Experiments were conducted on three knowledge‑intensive VQA benchmarks—InfoSeek, Encyclopedic VQA, and OK‑VQA—using seven state‑of‑the‑art LVLMs (e.g., BLIP‑2, InstructBLIP, LLaVA, MiniGPT‑4). RMCD consistently outperformed baseline decoding strategies, delivering absolute accuracy improvements ranging from 1.8 to 3.2 percentage points across datasets and models. Notably, when retrieval quality was poor (top‑k recall below 30 %), RMCD’s advantage widened to 5–7 % points, demonstrating robustness to noisy retrieval. An “oracle” experiment, where the perfect passage is always included, showed that RMCD still achieved the highest scores, confirming that its weighting scheme effectively balances reflection and deflection without over‑relying on any single passage.

Ablation studies examined the impact of the temperature hyper‑parameters and the number of contexts. The authors found that using 5–10 contexts strikes a good trade‑off between performance and memory consumption; beyond that, the per‑context forward passes become a bottleneck. Visualizations of αⱼ values illustrate that high‑scoring passages receive strong positive weights, while low‑scoring ones receive small or negative weights, directly confirming the intended behavior.

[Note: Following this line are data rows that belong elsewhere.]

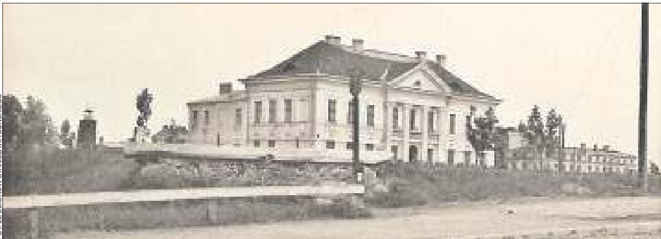
Ratusz. Miejsce obrad przedwojennej Rady Miejskiej

Dopiero wprowadzenie gromadzkiej reformy finansowej spowodowało ostrą walkę wyborczą i dyscyplinowało radnych do przychodzenia na posiedzenia. Radny nie tylko otrzymywał wy-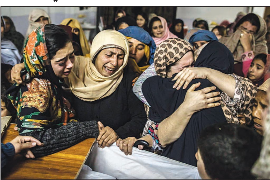
باكستانيات يبكين أطفالهن ضحايا التفجير أمس

مسؤوليتها عن الهجوم، قائلة إنه جاء انتقاما لهجوم عسكري ضد المسلحين في المنطقة القبلية الواقعة شمال غربي البلاد، ودان رئيس الوزراء الهندي نارندرا مودي «الهجوم الإرهابي الجبان»، ودان الرئيس الأمريكي باراك أوباما بأشد الحوثين، أدت إلى سقوط عشرات القتلى الجرحى، أغلبهم طالبات في مدرسة ابتدائية. وكان الموقع الإخباري التابع لوزارة الدفاع اليمينية نسب إلى مصدر أممي في مدينة رداق بمحافظة البيضاء قوله «إن العناصر الإرهابية التابعة لتنظيم القاعدة نفذت اليوم -أسس- هجوما إرهابيا غادرا وجباناً استهدف حافلة للطالبات وأسفر عن مقتل 15 طالبة و10 مواطنين وإصابة آخرين في رداق بمحافظة البيضاء». وقال رئيس الكتلة البرلمانية لحزب المؤتمر الشعبي العام في اليمن عبدالله صالح من تعطيل مسبق للثقة الحكومية خلال جناح أسس، على خلفية الخلافات الحزبية المتصاعدة بين الرئيس عبدربه منصور هادي وسلفه على صالح ومحاوله كل منهما السيطرة على الحزب عبر استخدام نفوذه السياسي. وقال رئيس الكتلة البرلمانية لحزب المؤتمر الشعبي العام في اليمن عبدالله صالح من تعطيل مسبق للثقة الحكومية خلال جناح أسس، على خلفية الخلافات الحزبية المتصاعدة بين الرئيس عبدربه منصور هادي وسلفه على صالح ومحاوله كل منهما السيطرة على الحزب عبر استخدام نفوذه السياسي. وعلمت «القدس العربي» من مصدر محلي في رداق إن انفجارين متزامنين بواسطة «سيارتين مفخختين انفجرت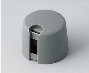
A1020648 TOP-KNOBS 20 PA 6 volcano 20x16mm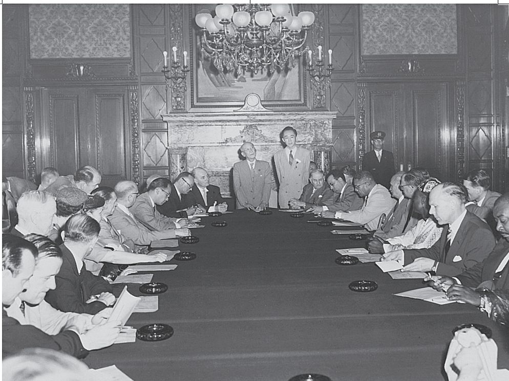
参議院内でMRA世界代表一行に歓迎挨拶する河井弥八参議院議長。議長をは さんで右がデンマークのオール・ジョン・クラフト前外相、左がスイスのオ スカー・ライムグラーバー元大統領 (1955年)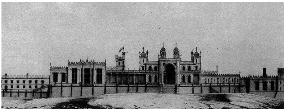
Рис. 5. Гунт В. Южный фасад Алушкинского дворца М. С. Воронцова. Литография. 1851 г. [2, с. 20]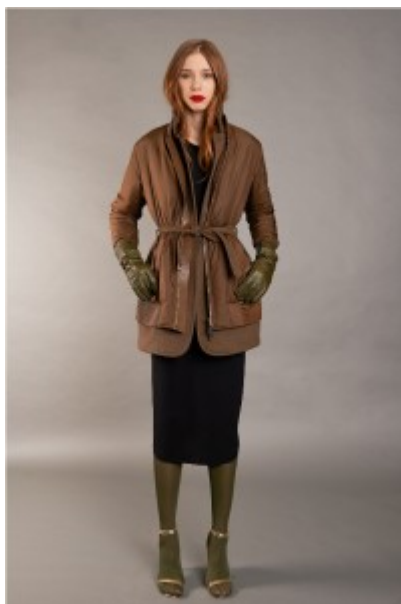
Larusmiani A/I 2016-17

New York, una mattina come tante una giovane donna apre gli occhi al mondo, si stiracchia, un rapido passaggio sotto la doccia, make-up, acqua di colonia, caffè, uno sguardo alle notizie del giorno e poi via con passo deciso a scandire le ore dei vari impegni di lavoro.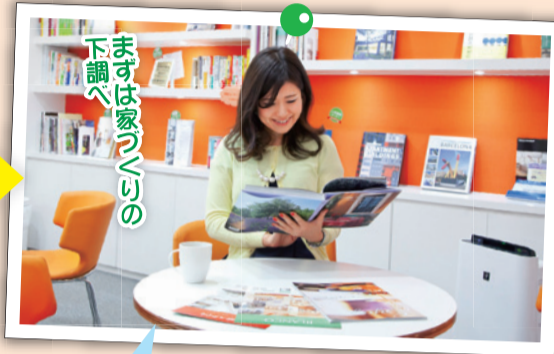
まずは家づくりの下調べ

店内に入るとスタッフの方が笑顔で迎えてくれました。パステルカラー調でとっても明るく開放感溢れる店内。受付を済ませ、さあ、これから家づくり体験スタート！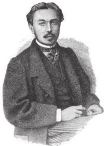
Всеволод Владимирович Крестовский

Для рядового читателя и телезрителя В. Крестовский предстает как мастер исторического детектива. Вроде бы как предшественник Бориса Акунина-Чхартишвили, хотя последний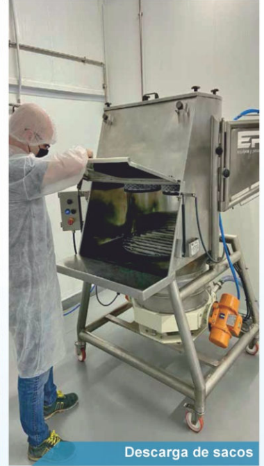
Descarga de sacos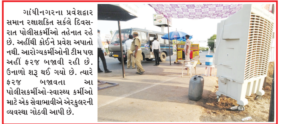
ગાંધીનગરના પ્રવેશદ્વાર સમાન રક્ષાશક્તિ સર્કલે દિવસરાત પોલીસકર્મીઓ તહેનાત રહે છે. અહીંથી કોઈને પ્રવેશ અપાતો નથી. આરોગ્યકર્મીઓની ટીમ પણ અહીં ફરજ બજાવી રહી છે. ઉનાળો શરૂ થઈ ગયો છે. ત્યારે ફરજ બજાવતા આ પોલીસકર્મીઓ-સ્વાસ્થ્ય કર્મીઓ માટે એક સેવાભાવી એરકુલરની વ્યવસ્થા ગોઠવી આપી છે.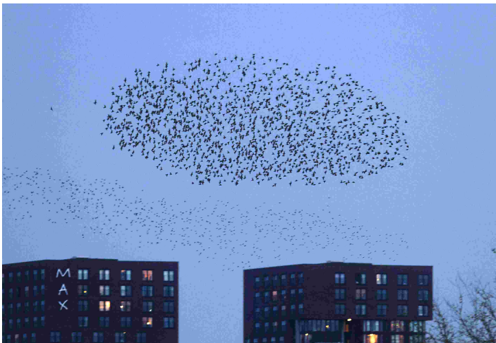
Figuur 2 Een zwerm vogels boven Kanaleneiland. 8

Het Huis van Dominicus wil een plaats zijn waar te zien en te merken is hoe de Geest mensen in beweging brengt, waar wordt begrepen dat we elkaar tot steun kunnen zijn en waar aandacht is voor elkaars wel en wee. Wij leggen ons erop toe om van het Huis van Dominicus een werkplaats van hoop te maken die bijdraagt aan 'goed leven voor allen'.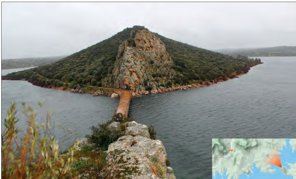
FIGURA 4. VISTA EN DIRECCIÓN SUR DESDE LO ALTO DE CERRO DE COGOLLUDO. AUNQUE DEBIÓ DE SER, IGUALMENTE EN LA ANTIGÜEDAD, ZONA DE HUMEDALES, ESTA VISIÓN SE DA POR EL EMBALSE DE ORELLANA Y SIERRA DE PELA.

Estos datos filológicos hay que ponerlos en contexto. Este topónimo apunta directamente a un origen turdetano. Si tenemos en cuenta la probada colonización tartésico-turdetana que se dio en el valle del Ana en torno al siglo VI a.C. y que, producto de ello, les llevó a fundar ciudades desde la desembocadura ( Baesuris ,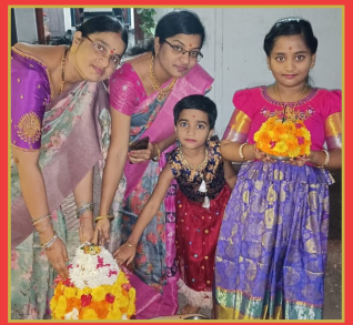
తెలంగాణలో మొదలైన బతుకమ్మ సందడి పూల రంగులతో ఎరుపెక్కిన పల్లెలు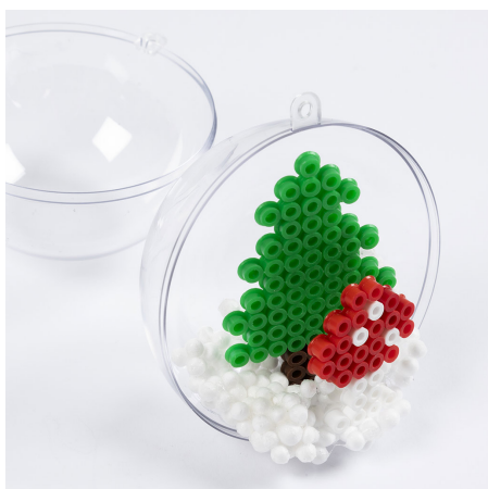
4 Zet de twee bomen willekeurig in de bal.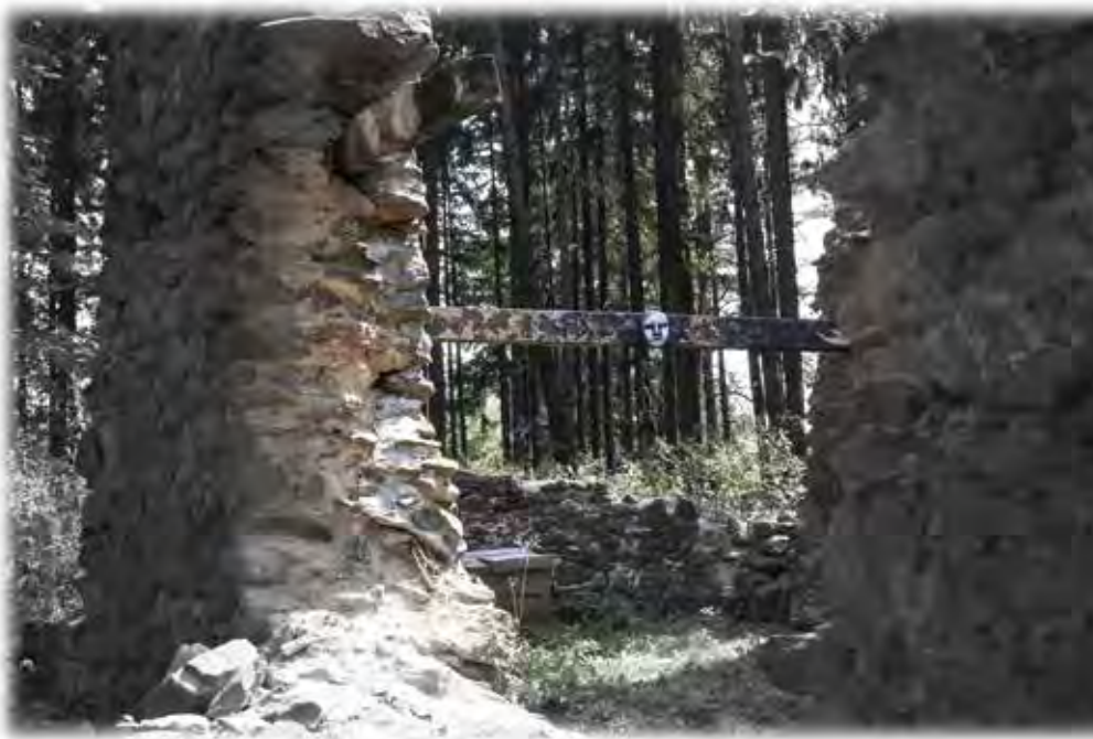
PROJEKT „CHRÁM ZŮSZANE CHRÁM“ KOSTEL ANDĚLŮ STRÁŽNÝCH V ÚSOBÍ NA VYSOČINĚ Matěj Zámečník v roce 2015

Limitations include the linear increase in GPU memory and compute with the number of contexts, as each context requires a separate forward pass through the LVLM. Future work could explore context selection or compression techniques to keep the method scalable. Additionally, the current weighting relies solely on the retriever’s raw scores; incorporating semantic similarity between the question and passage could further refine αⱼ.

In summary, RMCD offers a simple yet powerful way to make RAG‑based visual question answering more reliable. By dynamically reflecting relevant knowledge and deflecting irrelevant noise, it achieves state‑of‑the‑art results across multiple LVLMs and datasets without any additional training. The code and pretrained models are publicly released, facilitating immediate adoption in downstream multimodal reasoning tasks.